The current law is to remove supers and is not "optional".


----------



## squarepeg (Jul 9, 2010)

with respect to inhalation the problem is not so much achieving a lethal dose but rather the extreme corrosive nature of the acid and it's ability to instantly damage lung tissue. 

i.e. no skimping on having a quality respirator and goggles or consider following randy oliver's lead on not risking exposure to the vapor and utilize alternative delivery methods instead.

https://www.ontariobee.com/sites/ontariobee.com/files/document/OA safety.pdf


----------



## HarryVanderpool (Apr 11, 2005)

Grainger has a sale on OG / acid gas canisters for Honeywell North respirators for $11.70 a pair.
I bought 8 pair.
Seems like my lungs are worth at least that much.


----------



## Robert Holcombe (Oct 10, 2019)

JWPalmer, Couple of points worth noting, I think, based on my research efforts:

1. US EPA approval is based on the Canadian Label. After an extensive search I gave up on trying to find the basis or why for the "super off". Best I can tell it was simply added without explanation for risk avoidance. The Canadians had a lot of EU data, especially From Germany and Italy to support an alternate decision. Yet no explanation was provided that I could find. The EU, I believe, controls organic acid treatment affects on honey by measuring total acidity unlike the USA which has no technical standard for honey. One testing problem it seems is the organic acid data is swamped by Formic acid effects. Treating with "supers off" for any OA treatment simply avoids the issue contamination possibilities.

2. I have yet to see any US or Canadian analytical data based on half life characteristics of oxalic acid, rather short, nor how ubiquitous it is in the environment and it's use by the farming community. One only has to ask who is using all that oxalic acid produced yearly. How does it affect us as notd by the EPA fiel data related to the approval

3. What should really be highlighted when handling oxalic acid, I think, is the risk to your eyes. I worked in a chemical plant, 50% caustic ( NaOH), phosphoric pentoxide, chlorine generating reactions, mild acids, strong acids, pippet sampling, etcetera when I was in high school and several periods when I was in college. I have used oxalic acid since I was about 11 or 12 as a cleaning solution. Thus I learned to use OAV with caution and no fear. I also keep a bucket of water with me at all times (missing from the label) with a wet wrag. I also use it to clean of granular OA if it should get on my skin or hive as I would for any significant acidic or caustic product. I follow the EPA label and have a IPM program that works well for me and meets the EPA requirements. I admit to forgetting my "official" 1/2 face mask filter often but I do have a hood on and do know how to hold my breath 

4. What I found interesting is the lack of specified requirements for a "1/2 mask filter" specified by the EPA. A handkerchief? A wet handkerchief? Selection is left up to the user, most of whom are not corporations with "safety experts", thus do not have a clue. Try pulling that thread and reading the OSHA requirements to get a derived answer. I do my bring my filter with me, when I remember, my 1/2 face-mask filter, which I use religiously for cutting wood and other projects. I like to multi-purpose everything.

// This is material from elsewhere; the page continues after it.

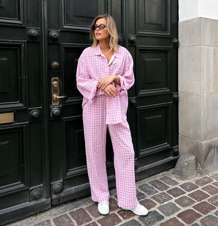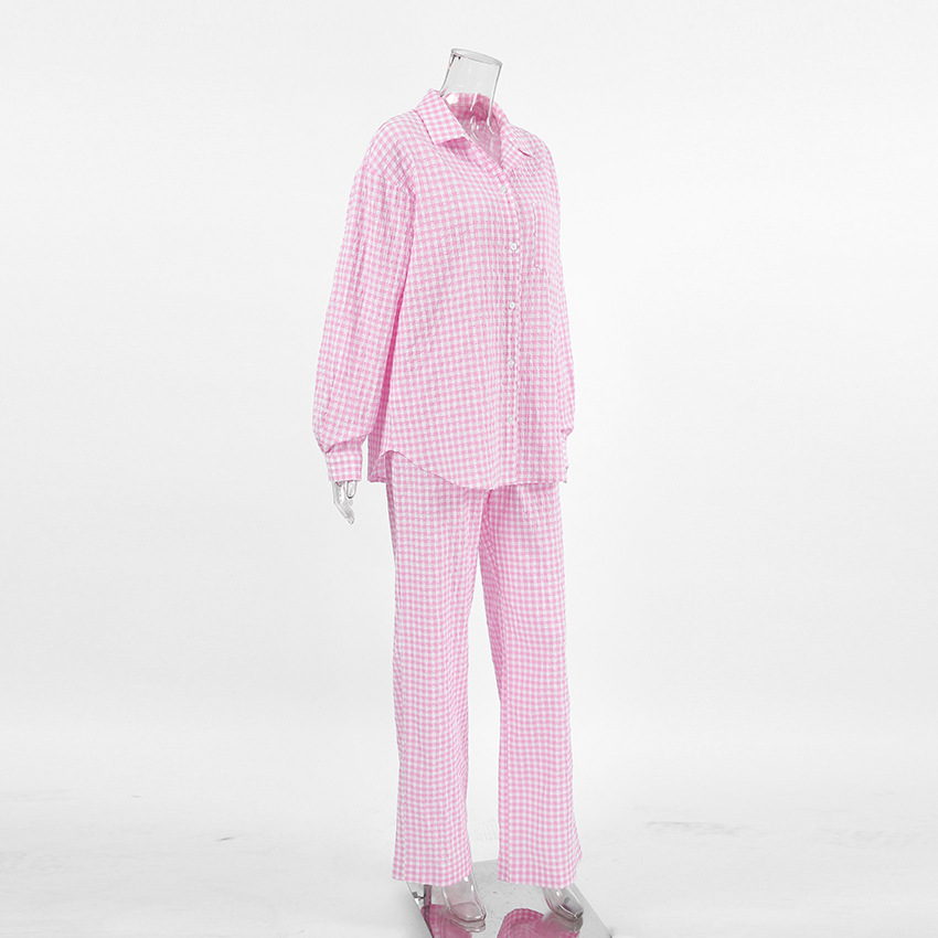 Autumn And Winter New Style Pink Plaid Loose Leisure Suit

5. I give my honey to my grandchildren.


----------



## little_john (Aug 4, 2014)

Just want to add my 2 penn'orth to this ...

The figures often cited (X mg/litre of air etc) by Health & Safety organisations may be appropriate inside a building, where any contamination will be constant enough to take a reasonably representative measurement. (although undoubtedly when measuring airborne dust there will be variations at different heights and at different distances from the source, as well as at different times of day)

But I'm going to suggest that H&S figures for Oxalic Acid are inappropriate as a reference when the substance is being used outdoors by beekeepers, as the volume of air which the dust momentarily contaminates is - for all intents and purposes - infinite.

If a sensor were to be placed into a plume of OA dust exiting a hive, then the readings would dramatically exceed those of the legislation, whereas if a sensor were to be placed a foot or two to one side of the plume, or upwind, it would most likely register a complete absence of OA dust in the atmosphere.

The presence of OA dust during VOA treatment is both transitory and directional - and yet people will keep banging on about safe H&S limits - and recommended mask types - which are intended for guidance within a confined working area.

To be sure, Oxalic Acid is a dangerous substance if used without due respect - but then so are many other chemicals we use in our everyday lives. Far more people drown in water every year than are even mildly affected by airborne Oxalic Acid dust, and yet I bet there's no MSDS data sheet for water ...

LJ


----------



## Robert Holcombe (Oct 10, 2019)

LJ, Love the reply's logic! With a touch of sanity added. I believe there is a German safety report out for just that application, OAV outdoors. I believe it concluded that it was "safe" or within risk standards. Unfortunately, maybe fortunately for some, there are different legal and liability standards in England, EU and the USA. 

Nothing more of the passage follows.